Health care workers immediately saw the videos’ benefits. Yemisi Olorunemojutimi, a health extension worker in Aseigbo, said that before the village had InStrat tablets or satellite coverage, she’d routinely run into cases she didn’t know how to treat.

“For pregnancies or deliveries that were complicated, we had to refer them to the general hospital. If I had patients that had high blood pressure, I’d have to refer them,” she said. “When I first saw the VTR Mobile, I knew this was the solution [for] the problem of our people.”

Today, not only does she feel better equipped to treat patients, she also uses the videos to raise health literacy among villagers. A recent Wednesday saw the health worker conducting a breast-feeding clinic at the health center, surrounded by dozens of village women with their infants on their laps. Rather than merely telling the women they should breastfeed exclusively, she showed them a video that explained why it was vital for their babies’ health. “When they see the video, they know this is true. They change what they do,” she said.

Using tablets and satellites for disease surveillance

By the time Dr. Francis Akanbiemu, the executive secretary of the Ondo State Primary Healthcare Board, heard about an outbreak in the village of Irele, three people were already dead. They had no idea what was killing people. “At first, we thought it was some sort of disease, like Ebola,” he said.

Tracking down the cause of an outbreak is painstaking: First, health professionals need to travel to the site. Once they arrive, they interview sick patients or next of kin to try to find patterns that might indicate a point of infection, and then develop theories of what might have caused people to become ill.

All of this is recorded on paper. At the end of the day, each worker manually inputs all collected data into a computer. Next they have to take samples of potentially contaminated substances (for example, potentially contaminated food or drink, soil samples that might be contaminated with toxic mold, or blood samples for bacterial or viral infections) to send to a lab for further testing. “The process, it can take days and weeks,” Akanbiemu said.

This time, however, they were able to use tablets installed with CliniPAK, which were modified to input the data they needed to track down the cause of the disease. “By the end of the day, we had already detected a pattern,” said Akanbiemu.

Within days, they established that methanol poisoning from contaminated alcohol had caused the outbreak. Immediately, they contacted the head of the village, who banned the contaminated alcohol. “Lives were saved,” said Akanbiemu.

Now, InStrat is piloting a new early detection disease surveillance system in the local government area of Ifedore. This is in line with the IPP project’s next goal: To use satellites, tablet technology, and big data to improve disease surveillance and rapid response throughout the country. By tracking and triangulating routine disease surveillance data, school absences, pharmaceutical sales and visits to the local health facilities, Okuzu hopes to be able to create an algorithm that will alert health authorities of potential outbreaks long before they become fatal.

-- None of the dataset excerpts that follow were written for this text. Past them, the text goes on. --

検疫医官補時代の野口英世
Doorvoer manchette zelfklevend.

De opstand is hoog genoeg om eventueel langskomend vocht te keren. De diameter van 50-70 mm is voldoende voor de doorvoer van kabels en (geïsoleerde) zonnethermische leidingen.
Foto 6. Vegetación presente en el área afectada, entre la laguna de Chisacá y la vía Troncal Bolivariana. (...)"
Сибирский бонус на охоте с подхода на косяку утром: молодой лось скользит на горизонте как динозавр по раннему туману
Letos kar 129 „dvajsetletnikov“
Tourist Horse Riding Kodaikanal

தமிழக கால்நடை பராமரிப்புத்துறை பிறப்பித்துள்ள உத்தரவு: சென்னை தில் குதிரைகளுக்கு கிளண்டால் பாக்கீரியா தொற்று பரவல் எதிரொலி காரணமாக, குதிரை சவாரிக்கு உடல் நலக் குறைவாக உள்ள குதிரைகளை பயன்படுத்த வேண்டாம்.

“Had we had the proper alert system, the outbreak of methanol poisoning could have been avoided,” he said. “There were data crumbs that we could have picked up, to identify what was really going on before people started dying.”

The path forward

Despite gains, the IPP project still has obstacles to overcome, such as the sustainability of the project.

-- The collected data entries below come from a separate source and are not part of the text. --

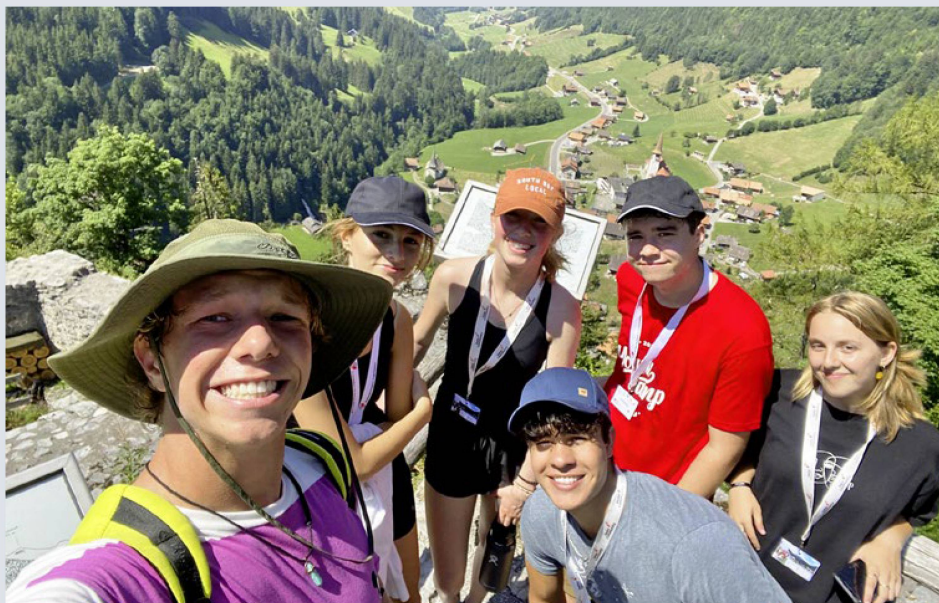
Après l'ascension, la vue est d'autant plus belle.

C'est la tête pleine de bons souvenirs des camps d'été de cette année qu'au Service des jeunes de l'Organisation des Suisses de l'étranger (OSE), nous préparons les offres pour l'année à venir. Nous pouvons d'ores et déjà vous annoncer que plusieurs camps de vacances d'été et d'hiver auront lieu en Suisse, tout comme le congrès en ligne, en collaboration avec le Parlement des Jeunes Suisses de l'étranger YPSA.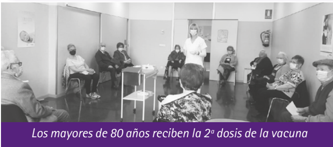
Los mayores de 80 años reciben la 2ª dosis de la vacuna

Después de un año de difícil desde el punto de vista sanitario, el Ayuntamiento de Calanda, entregó una placa conmemorativa al Centro de Salud de Calanda y a todos sus trabajadores. Gracias por vuestro esfuerzo y dedicación. Por vuestro trabajo y cercanía con los habitantes de Calanda. Hemos vivido muchos días difíciles y siempre habéis estado ahí. En nombre de todo el pueblo de Calanda. GRACIAS ■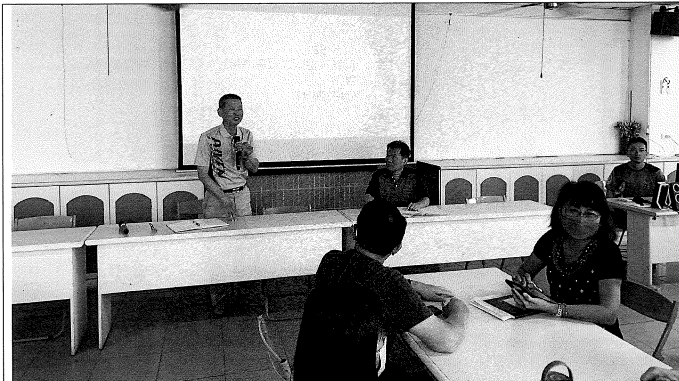
說明：校長說明此次議題。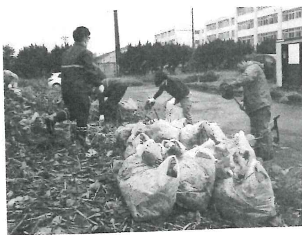
集めた草を袋詰めした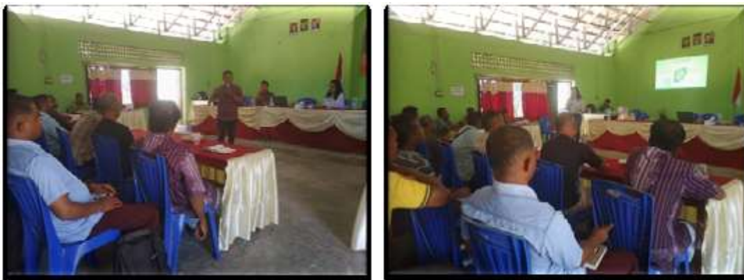
Gambar 3. Sesi Penyampaian Materi

Kegiatan dilaksanakan selama dua hari, dimana pada hari pertama dan kedua materi dibagi dalam dua sesi (Gambar 3). Sedangkan untuk pendampingan (Gambar 4) pendaftaran BUMDes secara online dilakukan pada hari terakhir. Untuk melihat ketercapaian indikator dalam pelaksanaan kegiatan dilakukan pre-test dan post test kemudian dianalisis ketercapaian dari masing-masing indikator (Baunsele et al., 2023). Untuk ketercapaian indikator tiga ukur berdasarkan dokumen yang dihasilkan.

“The issue of sustainability is the biggest concern — how long are we going to get the support?,” said Emmanuel Abatta, head of the National Health Management Information System at the Nigerian Ministry of Health. “Let’s say 20 facilities in Ondo state are being supported by Instrat, and we begin to rely on them to get data to the central health authorities, then tomorrow that support isn’t there — that would be a big challenge. So there needs to be a sustainability plan in place to make sure that doesn’t happen.”

Okuzu is unfazed: While today the UK Space Agency and Inmarsat donate much of the technology — including the satellites — he believes that one day, the IPP project can be self-sufficient: “There are always private companies who will want to buy the sort of data that we are collecting,” he said. “Once we reach a critical mass, it can fund itself.”